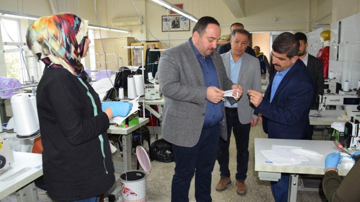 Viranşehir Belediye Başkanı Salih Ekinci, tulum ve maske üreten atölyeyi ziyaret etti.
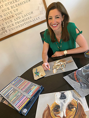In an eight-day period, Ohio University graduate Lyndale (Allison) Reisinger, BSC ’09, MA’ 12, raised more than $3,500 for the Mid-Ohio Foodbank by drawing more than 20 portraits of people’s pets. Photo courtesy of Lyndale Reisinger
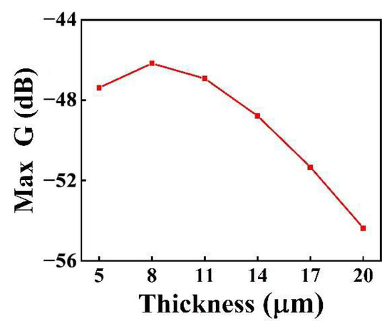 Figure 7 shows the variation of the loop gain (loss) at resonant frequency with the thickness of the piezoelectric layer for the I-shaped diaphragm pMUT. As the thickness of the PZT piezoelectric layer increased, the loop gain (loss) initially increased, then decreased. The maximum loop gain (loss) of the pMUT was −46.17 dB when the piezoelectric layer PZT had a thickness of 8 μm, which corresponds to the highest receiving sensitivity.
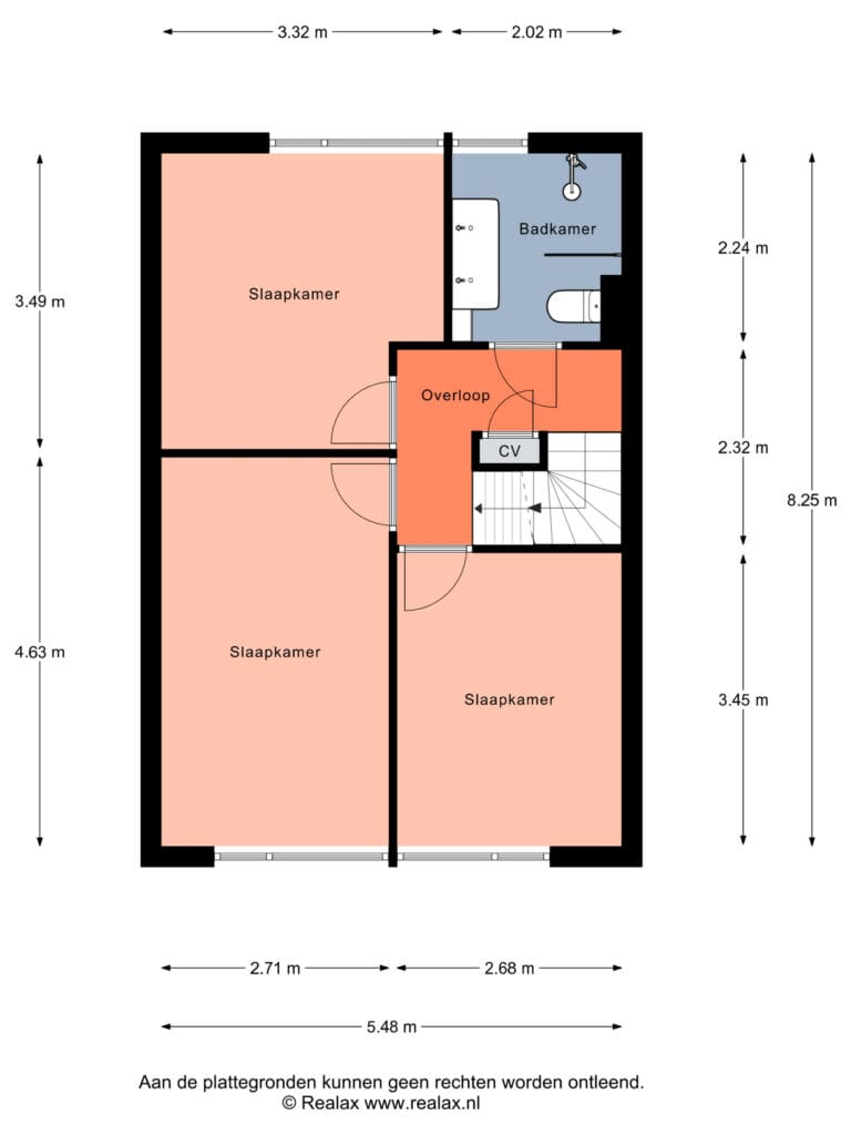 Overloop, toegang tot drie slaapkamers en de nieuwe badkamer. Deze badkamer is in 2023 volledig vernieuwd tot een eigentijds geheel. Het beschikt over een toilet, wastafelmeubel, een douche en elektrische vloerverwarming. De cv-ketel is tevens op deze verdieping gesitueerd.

* * *

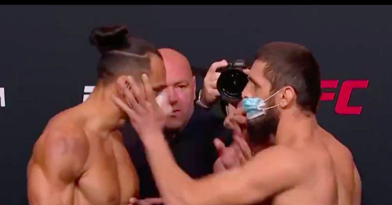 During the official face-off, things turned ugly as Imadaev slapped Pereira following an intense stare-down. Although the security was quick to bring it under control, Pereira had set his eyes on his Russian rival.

---

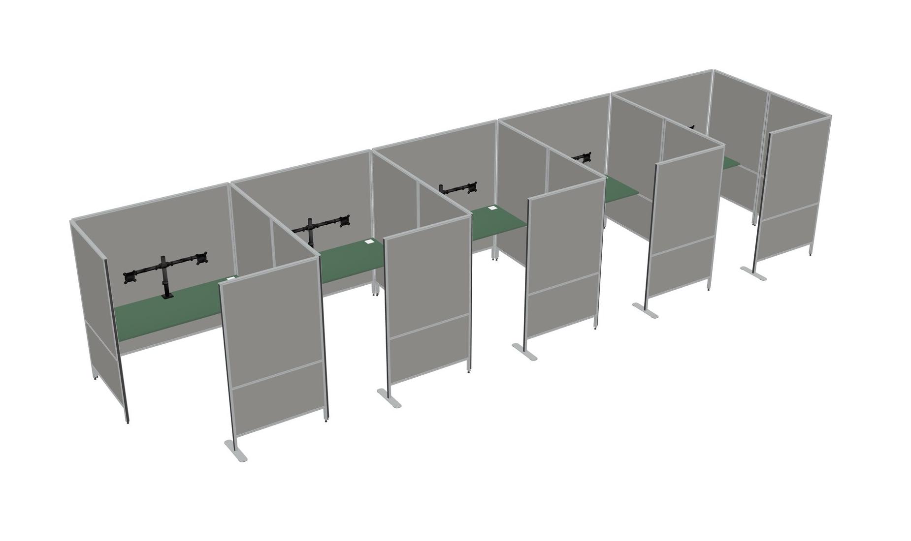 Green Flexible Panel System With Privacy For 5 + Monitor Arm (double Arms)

What is expected: Beginning with the line that contains "In an eight-day" and ending with the line that contains "Overloop, toegang tot", reproduce the listing exactly, pictures excluded.

Solution to the exercise:
In an eight-day period, Ohio University graduate Lyndale (Allison) Reisinger, BSC ’09, MA’ 12, raised more than $3,500 for the Mid-Ohio Foodbank by drawing more than 20 portraits of people’s pets. Photo courtesy of Lyndale Reisinger
 Figure 7 shows the variation of the loop gain (loss) at resonant frequency with the thickness of the piezoelectric layer for the I-shaped diaphragm pMUT. As the thickness of the PZT piezoelectric layer increased, the loop gain (loss) initially increased, then decreased. The maximum loop gain (loss) of the pMUT was −46.17 dB when the piezoelectric layer PZT had a thickness of 8 μm, which corresponds to the highest receiving sensitivity.
 Overloop, toegang tot drie slaapkamers en de nieuwe badkamer. Deze badkamer is in 2023 volledig vernieuwd tot een eigentijds geheel. Het beschikt over een toilet, wastafelmeubel, een douche en elektrische vloerverwarming. De cv-ketel is tevens op deze verdieping gesitueerd.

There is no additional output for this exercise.